- _Given data_:
────────────────

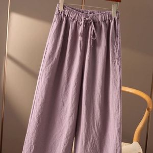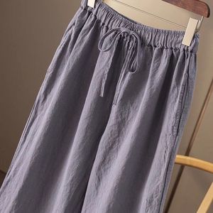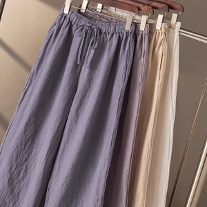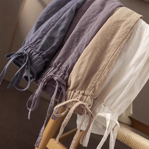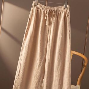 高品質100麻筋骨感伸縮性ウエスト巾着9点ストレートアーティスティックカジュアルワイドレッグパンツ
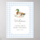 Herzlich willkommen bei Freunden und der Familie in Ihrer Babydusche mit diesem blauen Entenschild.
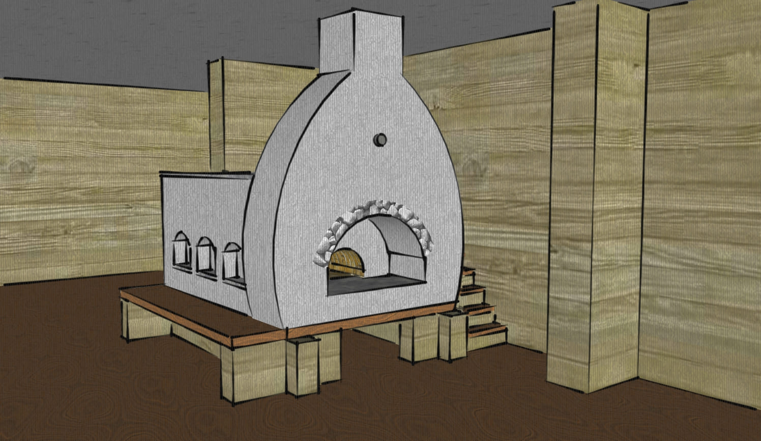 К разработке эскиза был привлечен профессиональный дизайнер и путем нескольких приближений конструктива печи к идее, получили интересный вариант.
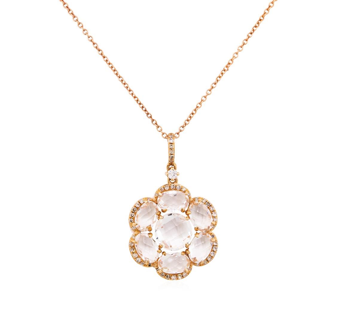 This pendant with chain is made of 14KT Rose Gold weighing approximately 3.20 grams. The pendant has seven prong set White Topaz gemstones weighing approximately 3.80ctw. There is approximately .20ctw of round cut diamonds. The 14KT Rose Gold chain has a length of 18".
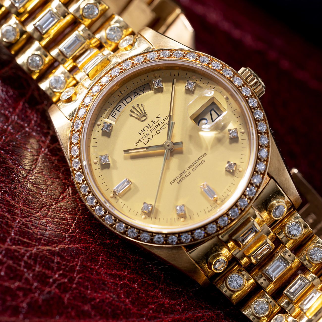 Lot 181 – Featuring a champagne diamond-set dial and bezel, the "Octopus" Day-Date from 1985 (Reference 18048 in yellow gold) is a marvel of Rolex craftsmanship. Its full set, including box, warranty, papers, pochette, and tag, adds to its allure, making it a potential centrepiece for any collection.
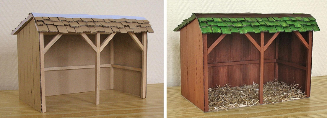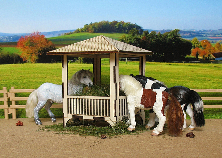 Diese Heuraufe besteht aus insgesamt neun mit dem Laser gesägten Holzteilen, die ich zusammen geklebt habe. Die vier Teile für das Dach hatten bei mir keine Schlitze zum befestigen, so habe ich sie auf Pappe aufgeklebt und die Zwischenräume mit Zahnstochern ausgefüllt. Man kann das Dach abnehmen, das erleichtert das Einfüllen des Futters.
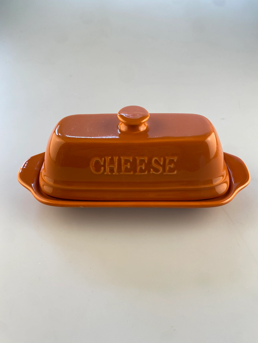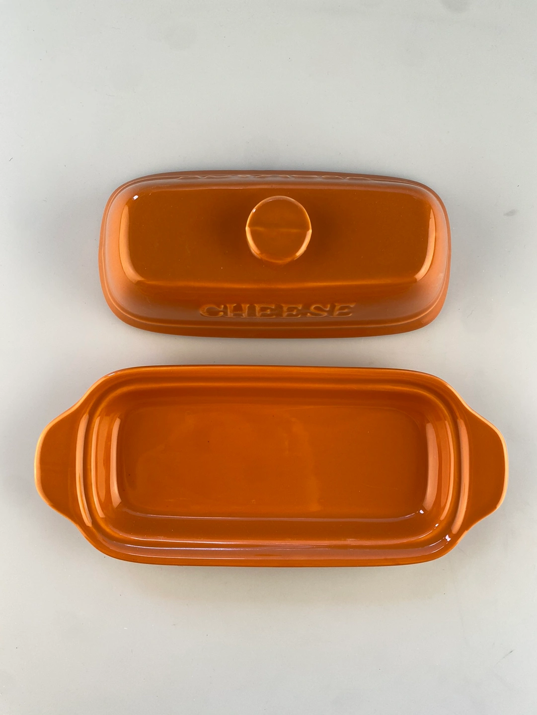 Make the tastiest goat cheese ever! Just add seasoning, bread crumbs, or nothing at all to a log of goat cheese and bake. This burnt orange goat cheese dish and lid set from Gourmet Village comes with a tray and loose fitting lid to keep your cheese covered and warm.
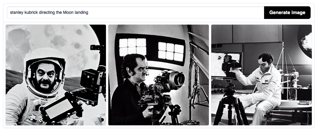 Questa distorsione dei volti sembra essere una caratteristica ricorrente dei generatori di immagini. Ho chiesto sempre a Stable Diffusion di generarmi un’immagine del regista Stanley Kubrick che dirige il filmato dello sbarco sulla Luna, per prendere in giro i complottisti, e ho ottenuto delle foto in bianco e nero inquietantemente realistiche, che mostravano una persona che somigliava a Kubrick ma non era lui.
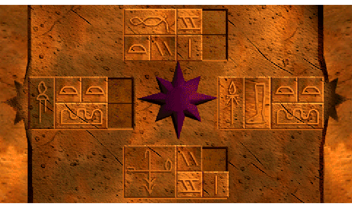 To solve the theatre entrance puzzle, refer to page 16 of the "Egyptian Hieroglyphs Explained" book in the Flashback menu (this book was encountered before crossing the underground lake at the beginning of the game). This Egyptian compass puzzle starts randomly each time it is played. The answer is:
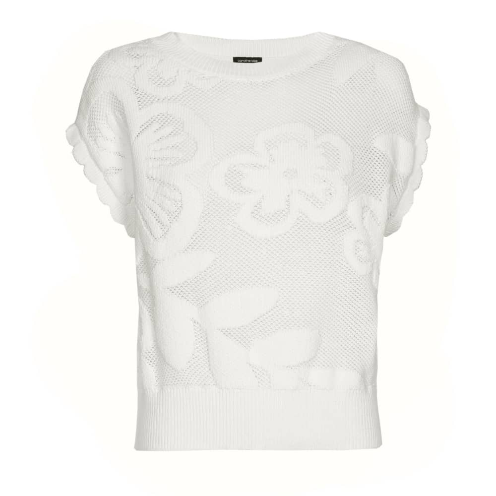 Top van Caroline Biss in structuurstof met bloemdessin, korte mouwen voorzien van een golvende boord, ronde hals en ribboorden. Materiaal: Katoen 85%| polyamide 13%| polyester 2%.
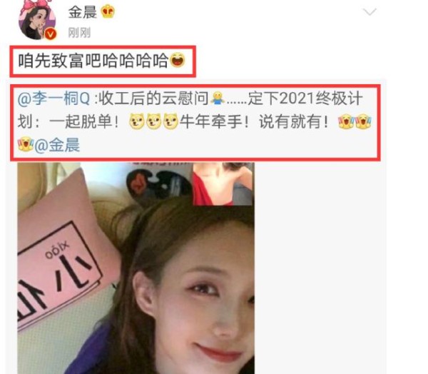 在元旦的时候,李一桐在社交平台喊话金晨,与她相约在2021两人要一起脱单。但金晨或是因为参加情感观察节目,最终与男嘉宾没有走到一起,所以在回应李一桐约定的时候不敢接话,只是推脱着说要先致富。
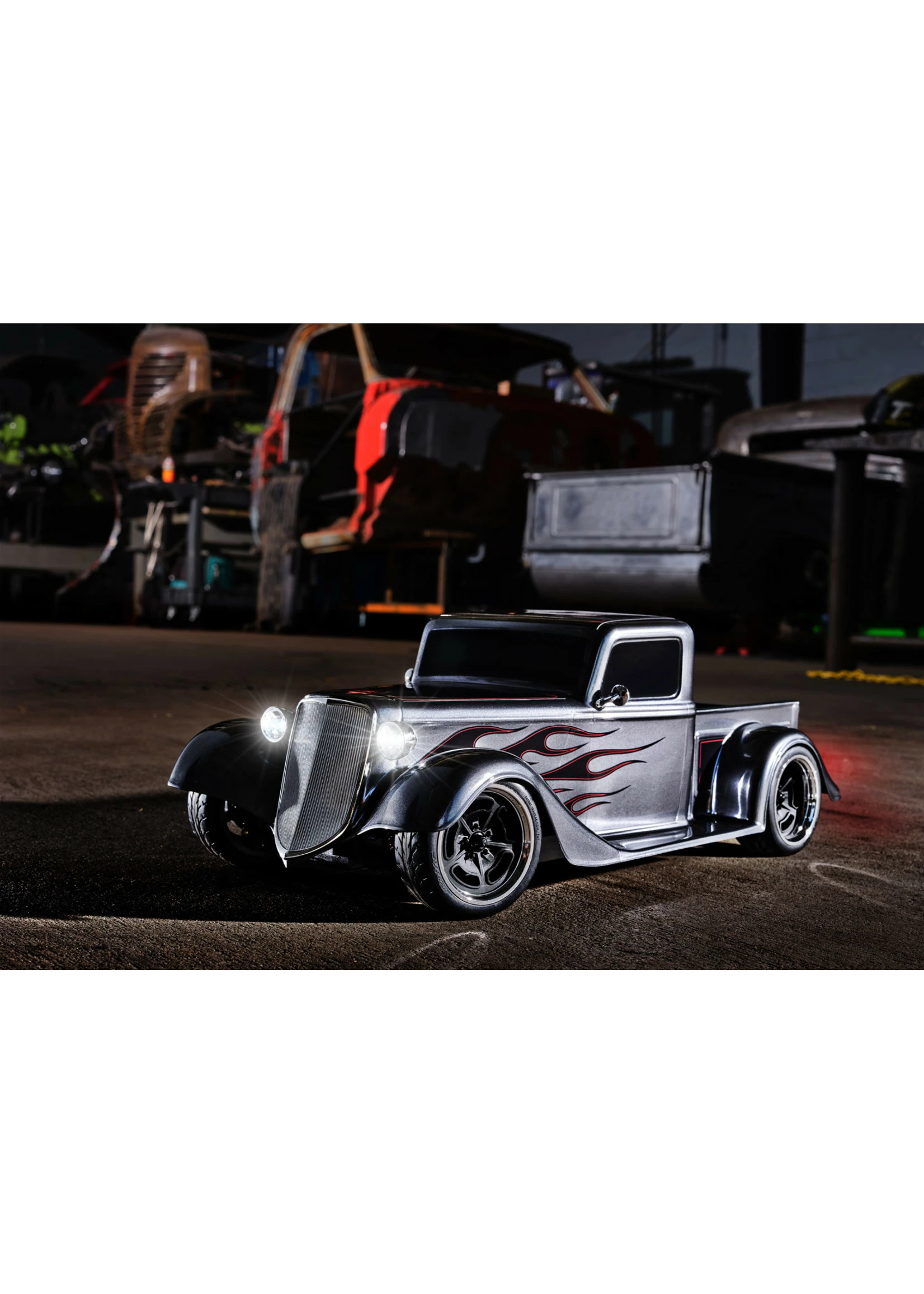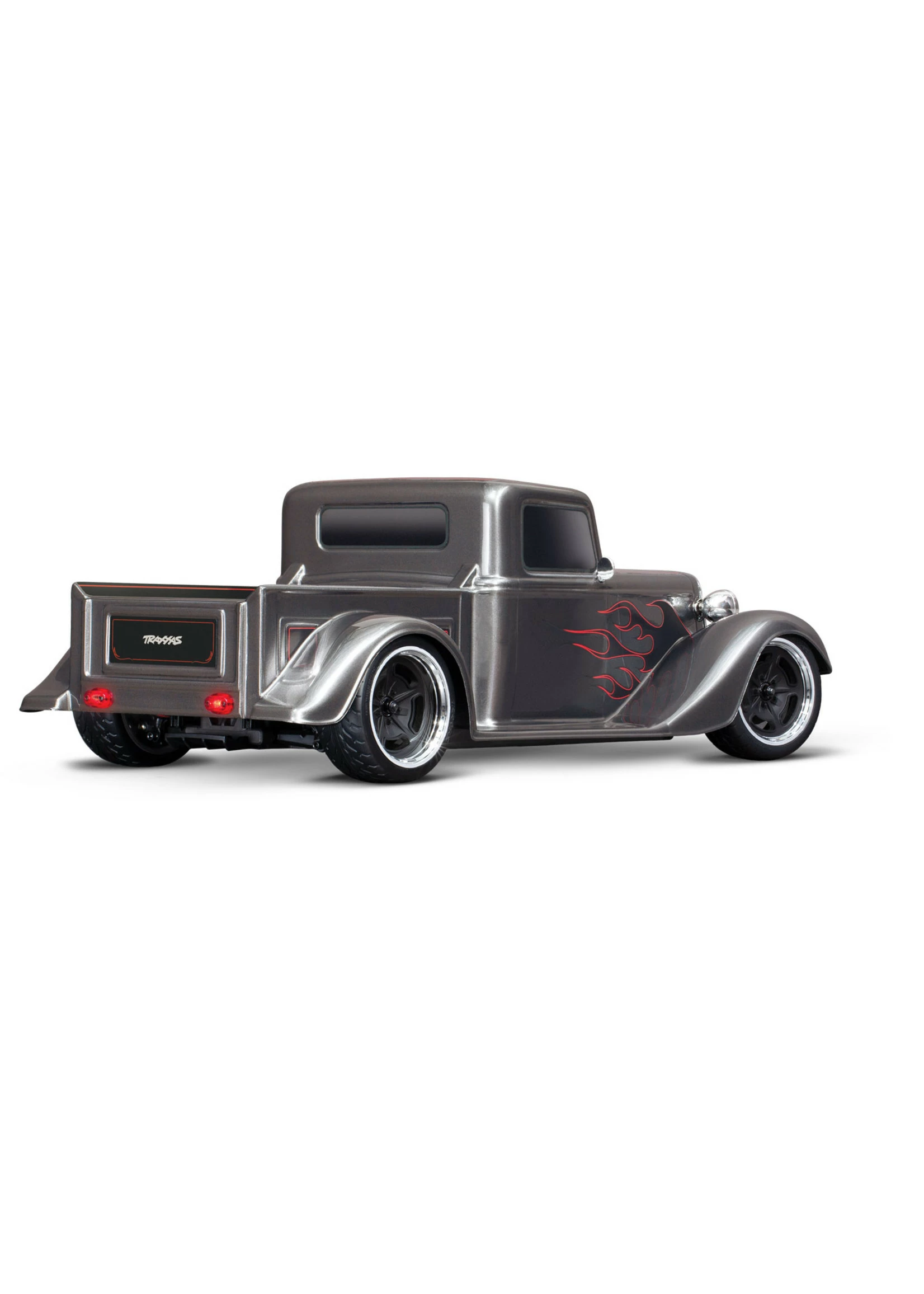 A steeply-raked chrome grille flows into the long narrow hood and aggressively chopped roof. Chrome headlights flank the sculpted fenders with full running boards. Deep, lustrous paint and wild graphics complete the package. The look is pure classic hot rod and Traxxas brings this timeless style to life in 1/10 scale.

────────────────

- _Exercise instructions_:
From start to finish, output the listing exactly, but omit its pictures.

- _Exercise solution_:
 高品質100麻筋骨感伸縮性ウエスト巾着9点ストレートアーティスティックカジュアルワイドレッグパンツ
 Herzlich willkommen bei Freunden und der Familie in Ihrer Babydusche mit diesem blauen Entenschild.
 К разработке эскиза был привлечен профессиональный дизайнер и путем нескольких приближений конструктива печи к идее, получили интересный вариант.
 This pendant with chain is made of 14KT Rose Gold weighing approximately 3.20 grams. The pendant has seven prong set White Topaz gemstones weighing approximately 3.80ctw. There is approximately .20ctw of round cut diamonds. The 14KT Rose Gold chain has a length of 18".
 Lot 181 – Featuring a champagne diamond-set dial and bezel, the "Octopus" Day-Date from 1985 (Reference 18048 in yellow gold) is a marvel of Rolex craftsmanship. Its full set, including box, warranty, papers, pochette, and tag, adds to its allure, making it a potential centrepiece for any collection.
 Diese Heuraufe besteht aus insgesamt neun mit dem Laser gesägten Holzteilen, die ich zusammen geklebt habe. Die vier Teile für das Dach hatten bei mir keine Schlitze zum befestigen, so habe ich sie auf Pappe aufgeklebt und die Zwischenräume mit Zahnstochern ausgefüllt. Man kann das Dach abnehmen, das erleichtert das Einfüllen des Futters.
 Make the tastiest goat cheese ever! Just add seasoning, bread crumbs, or nothing at all to a log of goat cheese and bake. This burnt orange goat cheese dish and lid set from Gourmet Village comes with a tray and loose fitting lid to keep your cheese covered and warm.
 Questa distorsione dei volti sembra essere una caratteristica ricorrente dei generatori di immagini. Ho chiesto sempre a Stable Diffusion di generarmi un’immagine del regista Stanley Kubrick che dirige il filmato dello sbarco sulla Luna, per prendere in giro i complottisti, e ho ottenuto delle foto in bianco e nero inquietantemente realistiche, che mostravano una persona che somigliava a Kubrick ma non era lui.
 To solve the theatre entrance puzzle, refer to page 16 of the "Egyptian Hieroglyphs Explained" book in the Flashback menu (this book was encountered before crossing the underground lake at the beginning of the game). This Egyptian compass puzzle starts randomly each time it is played. The answer is:
 Top van Caroline Biss in structuurstof met bloemdessin, korte mouwen voorzien van een golvende boord, ronde hals en ribboorden. Materiaal: Katoen 85%| polyamide 13%| polyester 2%.
 在元旦的时候,李一桐在社交平台喊话金晨,与她相约在2021两人要一起脱单。但金晨或是因为参加情感观察节目,最终与男嘉宾没有走到一起,所以在回应李一桐约定的时候不敢接话,只是推脱着说要先致富。
 A steeply-raked chrome grille flows into the long narrow hood and aggressively chopped roof. Chrome headlights flank the sculpted fenders with full running boards. Deep, lustrous paint and wild graphics complete the package. The look is pure classic hot rod and Traxxas brings this timeless style to life in 1/10 scale.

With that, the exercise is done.